What this task involves:
Could you transcribe exactly the lines below, from the line with "1月7日上午,我校在厚德楼F" through the line with "解除扶手箱的挂钩,就可以拆下扶手箱。", and nothing else, leaving out the pictures?

Collection entries:
* * *

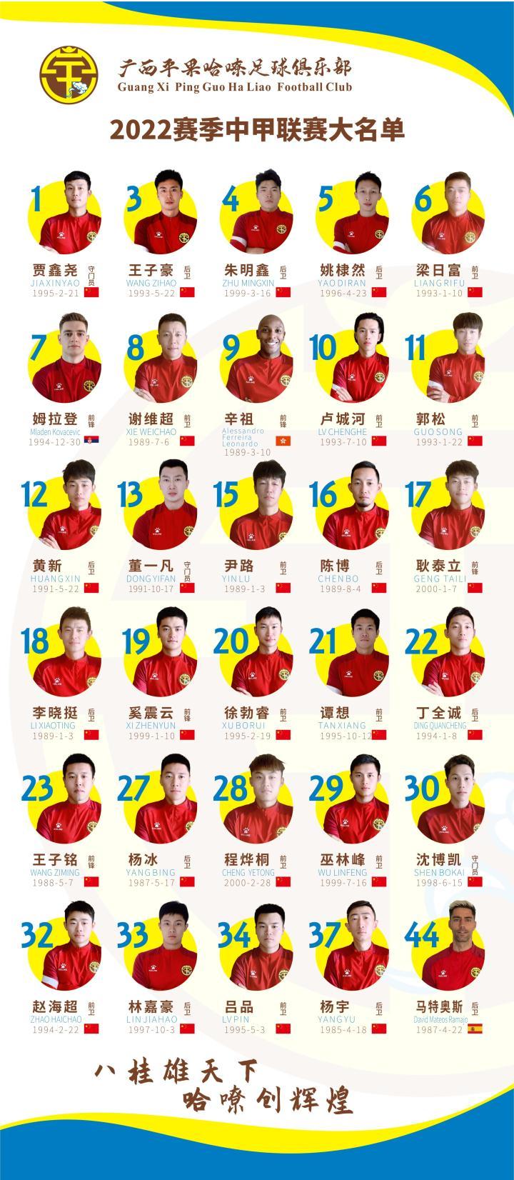 新起点,新征程,2022新赛季开启在即,广西平果哈嘹足球俱乐部在新援引进工作结束后,确定了征战2022赛季中甲联赛的大名单,本赛季共报名30位球员。
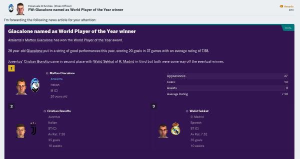 We moved into 2032 celebrating youth product Matteo Giacalone becoming the first Atalanta player in history to win World Player of the Year and World Golden Ball awards.
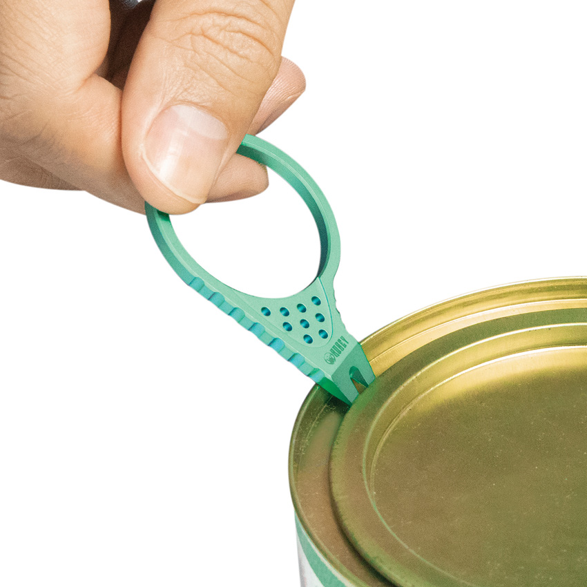 Dimensions: 2.16″ x 1.46″. Pry bar. Finger ring. Titanium construction. Boxed.
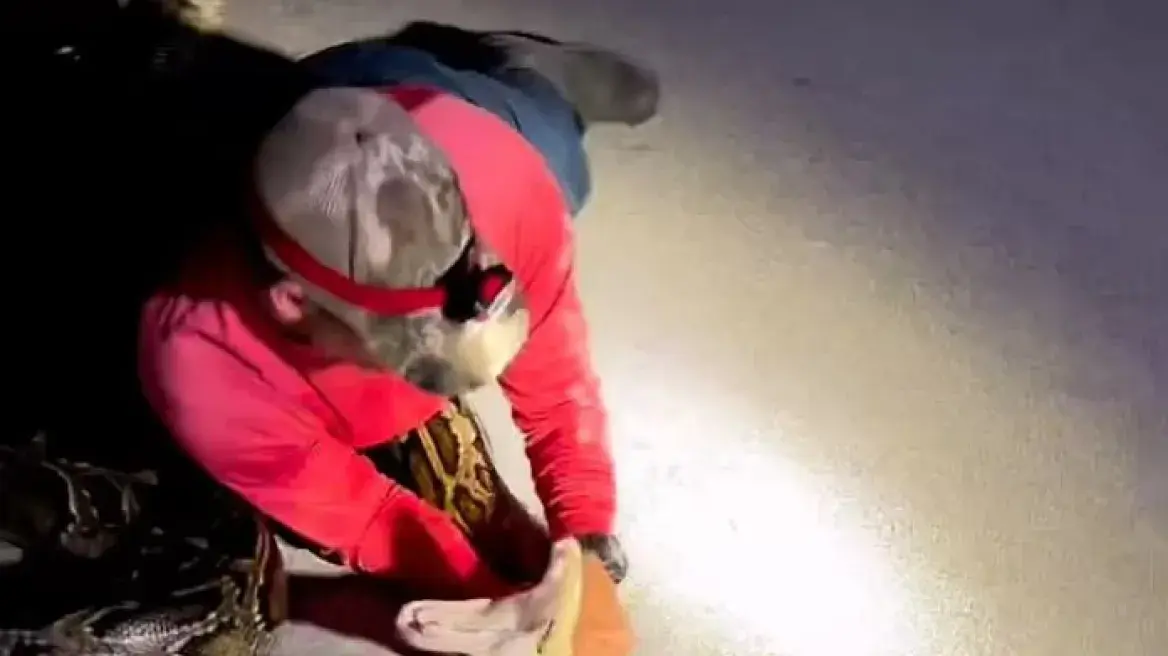 Στο βίντεο που ανήρτησαν και μεταδίδει η Telegraph.co.uk στα social media οι κυνηγοί φιδιών Στίβεν Γκάουτα και Τζέικ Βάλερι έχει καταγραφεί καρέ-καρέ η μάχη που έδωσαν με τον πύθωνα βάρους 56 κιλών ο οποίος είναι τόσο μακρύς όσο μια μια ενήλικη καμηλοπάρδαλη σε ύψος.
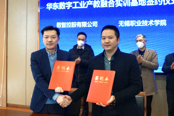 1月7日上午,我校在厚德楼F201会议室与数智控股集团举行校企战略合作签约仪式,成立华东数字工业产教融合实训基地。无锡市工信局党组成员、副局长张弦、产业人才与合作处处长尹清涛,我校校长周桂瑾、科产处、党校办、机械技术学院等相关部门、学院负责人,数智控股集团决策委员会主席、副总裁杨柳、国产化开发中心总经理徐学春、商务总监叶川出席活动。
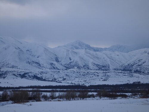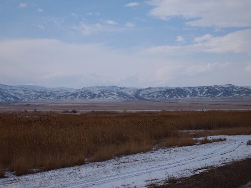 I headed out as early as possible the next day as I was expecting a tough ride. The road out of Shymkent hadn’t been great and I didn’t see any reason for it not to continue in the same vein. As usual I was wrong and about 15kms into my day’s ride the road suddenly became perfect. Beautiful smooth tarmac coupled with a slight downward gradient and even a tailwind! I felt like I was flying along. The only problem was that every so often the highway would become icy and I’d have to slow down. Luckily I only came off once and even more luckily that ice didn’t last and soon I was able to ride unhindered. There were beautiful views:
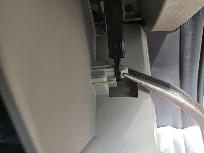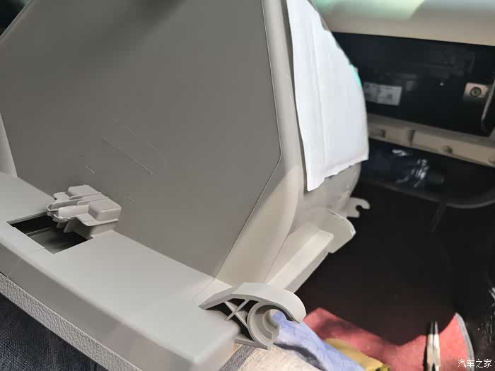 解除扶手箱的挂钩,就可以拆下扶手箱。
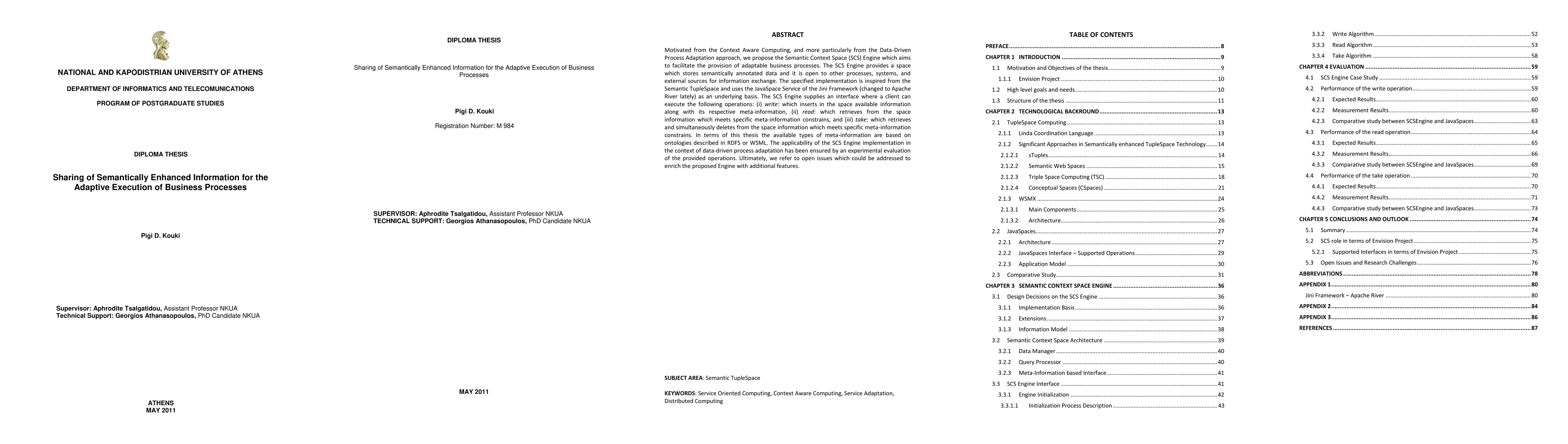 Motivated from the Context Aware Computing, and more particularly from the Data-Driven Process Adaptation approach, we propose the Semantic Context Space (SCS) Engine which aims to facilitate the provision of adaptable business processes. The SCS Engine provides a space which stores semantically annotated data and it is open to other processes, systems, and external sources for information exchange. The specified implementation is inspired from the Semantic TupleSpace and uses the JavaSpace Service of the Jini Framework (changed to Apache River lately) as an underlying basis. The SCS Engine supplies an interface where a client can execute the following operations: (i) write: which inserts in the space available information along with its respective meta-information, (ii) read: which retrieves from the space information which meets specific meta-information constrains, and (iii) take: which retrieves and simultaneously deletes from the space information which meets specific meta-information constrains. In terms of this thesis the available types of meta-information are based on ontologies described in RDFS or WSML. The applicability of the SCS Engine implementation in the context of data-driven process adaptation has been ensured by an experimental evaluation of the provided operations. Ultimately, we refer to open issues which could be addressed to enrich the proposed Engine with additional features.
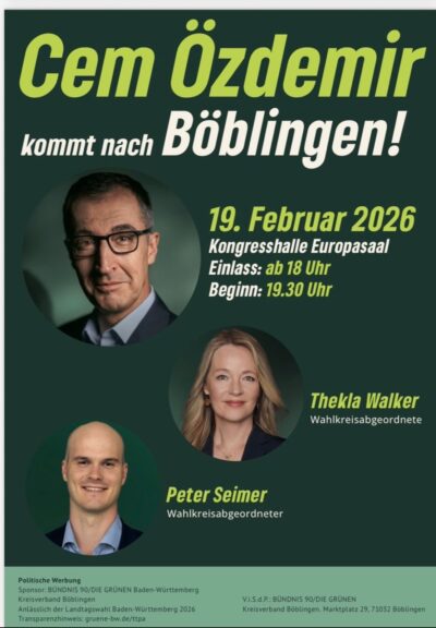 Cem Özdemir kommt nach Böblingen Donnerstag, 19. Februar 202619:30 Uhr 19.2.2026 19:30 Uhr Kongresshalle Böblingen, Europasaal Diesen Termin als iCal-Datei herunterladen
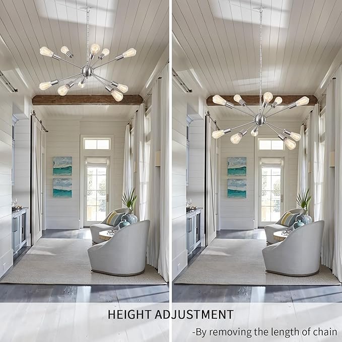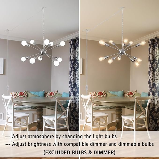 - 💡【Plug-In Hanging Light with ON/OFF Switch for Easy Installation】 All arms of 10 lights plug in chandelier lighting with cord are come pre-wired, just needing to screw them into the center ball one by one. The 4.92ft adjustable hanging chain and 16.4ft long plug-in cord make you adjust the height easily without any worry about the junction box.
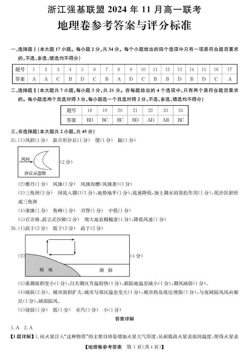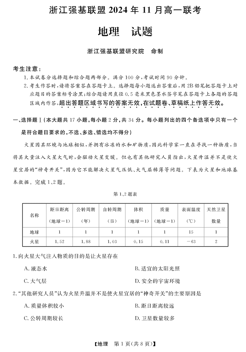 浙江强基联盟2024年11月高一上学期联考地理试题及答案 时间:2024-11-25 16:30 浙江 高中地理 浙江省强基联盟2024-2025学年高一上学期11月联考地理考试已于近日开考,为方便考生考后及时查看考试情况,查漏补缺、弥补不足,本文整理了试题答案解析相关信息! 地理试题及答案解析
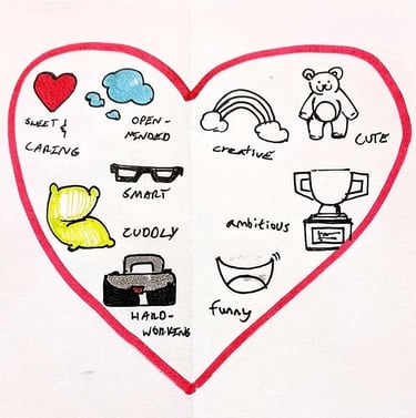 Step 4: On one half of the heart, write or draw the traits you appreciate about your partner. Your partner will do the same on the other half of the heart.

* * *

Answer space:
 1月7日上午,我校在厚德楼F201会议室与数智控股集团举行校企战略合作签约仪式,成立华东数字工业产教融合实训基地。无锡市工信局党组成员、副局长张弦、产业人才与合作处处长尹清涛,我校校长周桂瑾、科产处、党校办、机械技术学院等相关部门、学院负责人,数智控股集团决策委员会主席、副总裁杨柳、国产化开发中心总经理徐学春、商务总监叶川出席活动。
 I headed out as early as possible the next day as I was expecting a tough ride. The road out of Shymkent hadn’t been great and I didn’t see any reason for it not to continue in the same vein. As usual I was wrong and about 15kms into my day’s ride the road suddenly became perfect. Beautiful smooth tarmac coupled with a slight downward gradient and even a tailwind! I felt like I was flying along. The only problem was that every so often the highway would become icy and I’d have to slow down. Luckily I only came off once and even more luckily that ice didn’t last and soon I was able to ride unhindered. There were beautiful views:
 解除扶手箱的挂钩,就可以拆下扶手箱。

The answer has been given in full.